Referring to FIG. 2, when knocking occurs in the internal-combustion engine, the knocking sensor 1 provides a knocking signal as shown in FIG. 2-(a). When knocking is generated, an oscillatory wave form of an amplitude far greater than that of the oscillatory waveform of the noise component is provided. The magnitude of knocking is represented by the magnitude of the amplitude of the oscillatory waveform, namely, weak knocking by the waveform in the section A of FIG. 2, while strong knocking by the waveform in the section B of FIG. 2. Upon the reception of the knocking signal, the knocking detector 2 compares the waveform of the knocking signal with a predetermined threshold level, which is greater than the noise component as shown in FIG. 2-(b), by means of the internal comparator to discriminate a specific knocking signal included in the knocking signal and then provides a knock detection signal of a pulse train as indicated in FIG. 2-(c). Upon the reception of the knocking detection signal, the integrator 3 integrates pulse train. That is, the integrator 3 integrates the pulse train of the knocking detection signal over a predetermined time constant to raise the output voltage level and when no knocking detection signal is applied thereto, the integrator 3 lowers the output voltage level over a predetermined time constant. The integral of the pulse widths of the knocking detection signal thus obtained correlates strongly with the magnitude of the knocking as in FIG. 2-(d). On the other hand, the reference ignition timing signal generator 4 generates a reference ignition timing signal corresponding to the revolving speed and the load conditions of the engine. Upon the reception of the reference ignition timing signal, the phase delay controller 5 delays the phase of ignition timing in proportion to the integral of the pulse train of the knocking detection signal provided by the integrator 3 to control the phase of ignition timing in proportion to the magnitude of the knocking. The output pulse of the phase delay controller 5 is applied to the base of the transistor T.sub.R. Then, the rising and the breaking of the pulse are used for switching on and switching off the transistor T.sub.R, whereby current supply to the ignition coil C.sub.I is interrupted intermittently. When current supply is interrupted the engine is ignited.

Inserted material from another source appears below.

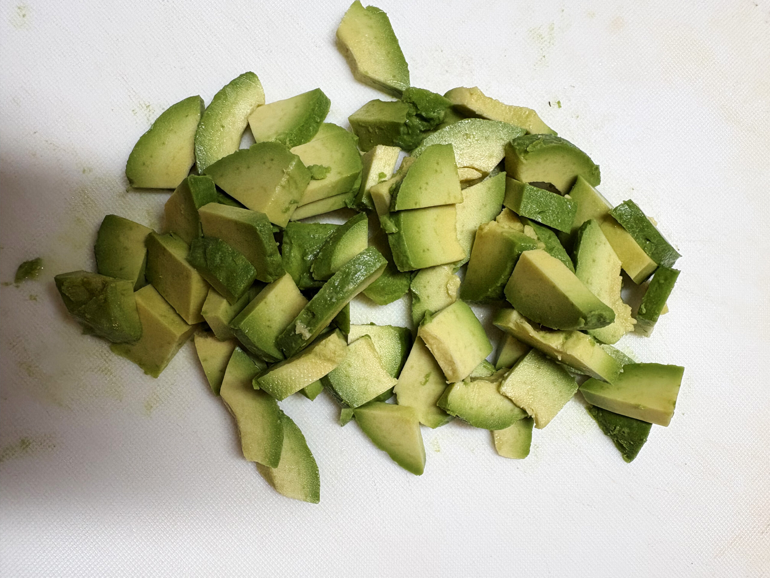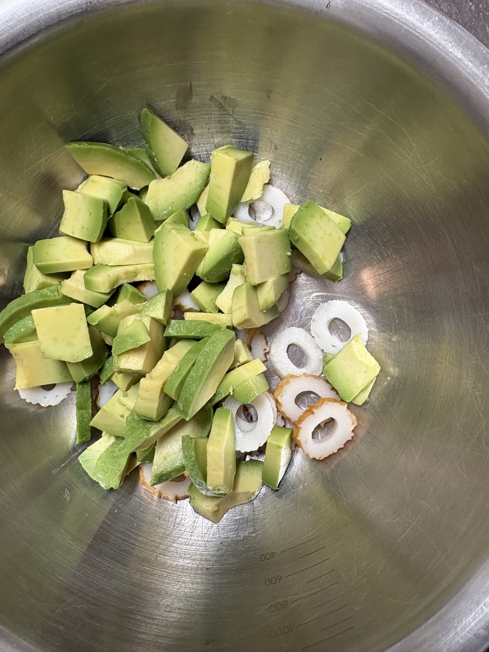 アボカドは海苔と相性が良いですので、あれば刻み海苔やもみ海苔などを盛り付ける時に天盛りすると味にアクセントが付いて美味しいと思います。嚥下の悪いお年寄りに提供する場合も、アボカドが口の中で食べ物をまとめてくれるのでトロミ液などを使わなくてもそのまま食べて頂けると思います。トロミ調整剤はとても便利ではありますが、料理の食感を悪くしますので工夫してなるべく使わないように心がけましょう。

Incidentally, the condition of knocking varies depending not only on comparatively stable conditions such as the temperature and the humidity of the suction air, the air fuel ratio and ignition timing, but also on various conditions which change subtly every combustion, such as the internal condition of the combustion chamber and flaming speed, therefore, knocking phenomena of the same mode do not necessarily occur every combustion even if the engine is in a stabilized steady state operating condition. Accordingly, it is possible that comparatively strong knocks occur suddenly or occasionally even during the steady state operation of the engine. When strong knocks occur suddenly or occasionally, according to a phase control method in which the phase of ignition timing is delayed in proportion to the magnitude of knocking, the phase of ignition timing is temporarily delayed excessively for a single strong knock, which possibly affect the output of the engine and the exhaust temperature unfavorably. Accordingly, such a problem can be solved if the controlled phase delay for coping with above-mentioned occasional strong knocks can be restricted within a range which will not affect unfavorably the operation of the engine, when a strong knock occurs.